Dataset Start Marker

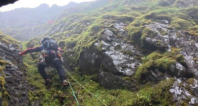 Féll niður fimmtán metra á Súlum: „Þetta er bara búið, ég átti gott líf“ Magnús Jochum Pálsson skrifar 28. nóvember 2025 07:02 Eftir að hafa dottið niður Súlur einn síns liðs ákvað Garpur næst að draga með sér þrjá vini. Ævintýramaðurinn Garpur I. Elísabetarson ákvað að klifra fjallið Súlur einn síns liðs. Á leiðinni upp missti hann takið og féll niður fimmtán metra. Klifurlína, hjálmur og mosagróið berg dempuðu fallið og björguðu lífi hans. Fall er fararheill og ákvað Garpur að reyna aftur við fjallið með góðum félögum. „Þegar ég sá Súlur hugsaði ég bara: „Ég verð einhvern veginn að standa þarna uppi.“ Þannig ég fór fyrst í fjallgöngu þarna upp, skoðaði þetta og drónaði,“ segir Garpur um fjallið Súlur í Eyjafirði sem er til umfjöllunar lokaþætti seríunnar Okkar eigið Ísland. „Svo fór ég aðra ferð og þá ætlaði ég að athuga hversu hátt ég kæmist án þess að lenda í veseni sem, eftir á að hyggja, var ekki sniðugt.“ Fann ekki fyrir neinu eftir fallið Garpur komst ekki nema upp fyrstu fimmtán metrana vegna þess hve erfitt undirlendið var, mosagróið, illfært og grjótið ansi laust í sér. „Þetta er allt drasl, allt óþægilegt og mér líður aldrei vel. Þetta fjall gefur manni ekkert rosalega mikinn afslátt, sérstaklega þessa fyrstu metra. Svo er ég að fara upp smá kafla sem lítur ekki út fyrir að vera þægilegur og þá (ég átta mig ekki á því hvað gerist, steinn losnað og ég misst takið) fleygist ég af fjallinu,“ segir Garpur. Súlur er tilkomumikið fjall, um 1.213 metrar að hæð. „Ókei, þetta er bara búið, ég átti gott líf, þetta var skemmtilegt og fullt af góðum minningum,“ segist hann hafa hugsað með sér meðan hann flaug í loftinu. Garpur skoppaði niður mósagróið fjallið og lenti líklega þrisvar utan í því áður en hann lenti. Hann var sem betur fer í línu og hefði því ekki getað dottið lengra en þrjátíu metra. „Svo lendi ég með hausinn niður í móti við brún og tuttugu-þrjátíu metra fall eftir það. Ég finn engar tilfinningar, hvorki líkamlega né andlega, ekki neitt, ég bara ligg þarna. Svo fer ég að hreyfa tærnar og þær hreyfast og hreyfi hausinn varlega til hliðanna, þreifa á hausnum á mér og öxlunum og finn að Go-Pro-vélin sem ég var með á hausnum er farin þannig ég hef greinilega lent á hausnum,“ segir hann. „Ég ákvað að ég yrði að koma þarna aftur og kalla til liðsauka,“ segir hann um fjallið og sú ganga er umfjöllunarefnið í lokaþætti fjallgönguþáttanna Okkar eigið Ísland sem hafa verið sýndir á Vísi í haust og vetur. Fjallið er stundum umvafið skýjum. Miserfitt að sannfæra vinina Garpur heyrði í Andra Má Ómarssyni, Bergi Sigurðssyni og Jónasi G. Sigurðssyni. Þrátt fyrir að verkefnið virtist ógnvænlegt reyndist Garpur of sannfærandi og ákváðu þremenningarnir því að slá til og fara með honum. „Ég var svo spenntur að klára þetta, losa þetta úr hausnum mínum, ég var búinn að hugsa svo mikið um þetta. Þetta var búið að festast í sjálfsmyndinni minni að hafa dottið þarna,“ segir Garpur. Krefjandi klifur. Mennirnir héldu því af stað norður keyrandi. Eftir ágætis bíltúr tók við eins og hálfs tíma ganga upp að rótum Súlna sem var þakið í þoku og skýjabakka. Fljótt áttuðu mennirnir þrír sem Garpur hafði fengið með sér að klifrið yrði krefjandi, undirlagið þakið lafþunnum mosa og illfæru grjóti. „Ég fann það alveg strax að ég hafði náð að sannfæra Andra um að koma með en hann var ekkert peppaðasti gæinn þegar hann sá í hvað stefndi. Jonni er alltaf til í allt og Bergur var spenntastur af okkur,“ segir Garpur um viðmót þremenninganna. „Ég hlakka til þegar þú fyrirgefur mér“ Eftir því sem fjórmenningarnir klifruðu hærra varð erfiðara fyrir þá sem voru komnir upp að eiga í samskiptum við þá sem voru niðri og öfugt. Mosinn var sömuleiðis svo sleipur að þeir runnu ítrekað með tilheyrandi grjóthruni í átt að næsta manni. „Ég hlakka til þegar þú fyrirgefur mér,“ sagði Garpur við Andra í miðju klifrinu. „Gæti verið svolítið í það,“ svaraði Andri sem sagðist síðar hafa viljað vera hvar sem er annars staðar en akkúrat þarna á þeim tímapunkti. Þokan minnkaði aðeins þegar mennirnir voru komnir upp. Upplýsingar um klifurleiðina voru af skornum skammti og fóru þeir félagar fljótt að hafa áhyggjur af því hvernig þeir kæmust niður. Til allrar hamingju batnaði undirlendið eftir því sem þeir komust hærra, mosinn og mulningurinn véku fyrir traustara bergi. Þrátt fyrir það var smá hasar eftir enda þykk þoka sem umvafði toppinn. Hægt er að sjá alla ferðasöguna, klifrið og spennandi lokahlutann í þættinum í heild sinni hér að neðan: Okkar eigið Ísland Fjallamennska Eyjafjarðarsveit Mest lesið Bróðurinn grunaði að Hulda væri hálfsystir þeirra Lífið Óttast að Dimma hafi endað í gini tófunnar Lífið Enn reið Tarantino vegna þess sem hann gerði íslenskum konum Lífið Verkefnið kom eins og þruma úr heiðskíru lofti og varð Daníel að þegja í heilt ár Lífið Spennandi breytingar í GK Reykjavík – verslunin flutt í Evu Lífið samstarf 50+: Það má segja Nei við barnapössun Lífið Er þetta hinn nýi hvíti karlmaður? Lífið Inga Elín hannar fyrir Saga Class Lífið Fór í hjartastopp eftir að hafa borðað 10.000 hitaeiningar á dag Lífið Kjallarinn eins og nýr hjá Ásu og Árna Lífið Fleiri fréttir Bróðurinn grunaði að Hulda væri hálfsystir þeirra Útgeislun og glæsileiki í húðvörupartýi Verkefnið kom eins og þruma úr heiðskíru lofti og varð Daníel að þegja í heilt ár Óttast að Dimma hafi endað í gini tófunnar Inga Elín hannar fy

Dataset End Marker
Dataset Start Marker

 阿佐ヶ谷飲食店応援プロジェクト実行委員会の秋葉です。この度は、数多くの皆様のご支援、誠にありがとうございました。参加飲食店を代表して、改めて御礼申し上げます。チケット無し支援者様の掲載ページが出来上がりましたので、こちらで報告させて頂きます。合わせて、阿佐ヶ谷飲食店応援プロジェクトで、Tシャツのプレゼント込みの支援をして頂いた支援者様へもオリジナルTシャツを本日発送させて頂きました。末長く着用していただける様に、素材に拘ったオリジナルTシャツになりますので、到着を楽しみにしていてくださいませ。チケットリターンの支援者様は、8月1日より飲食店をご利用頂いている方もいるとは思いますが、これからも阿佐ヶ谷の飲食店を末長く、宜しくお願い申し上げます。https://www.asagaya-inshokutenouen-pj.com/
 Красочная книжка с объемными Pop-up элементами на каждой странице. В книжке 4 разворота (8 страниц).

Dataset End Marker

Exercise
I'd like the lines above from the one with "阿佐ヶ谷飲食店応援プロジェクト実行委員会" up to and including the one with "Красочная книжка с" copied exactly, with no other lines.

Your solution
 阿佐ヶ谷飲食店応援プロジェクト実行委員会の秋葉です。この度は、数多くの皆様のご支援、誠にありがとうございました。参加飲食店を代表して、改めて御礼申し上げます。チケット無し支援者様の掲載ページが出来上がりましたので、こちらで報告させて頂きます。合わせて、阿佐ヶ谷飲食店応援プロジェクトで、Tシャツのプレゼント込みの支援をして頂いた支援者様へもオリジナルTシャツを本日発送させて頂きました。末長く着用していただける様に、素材に拘ったオリジナルTシャツになりますので、到着を楽しみにしていてくださいませ。チケットリターンの支援者様は、8月1日より飲食店をご利用頂いている方もいるとは思いますが、これからも阿佐ヶ谷の飲食店を末長く、宜しくお願い申し上げます。https://www.asagaya-inshokutenouen-pj.com/
 Красочная книжка с объемными Pop-up элементами на каждой странице. В книжке 4 разворота (8 страниц).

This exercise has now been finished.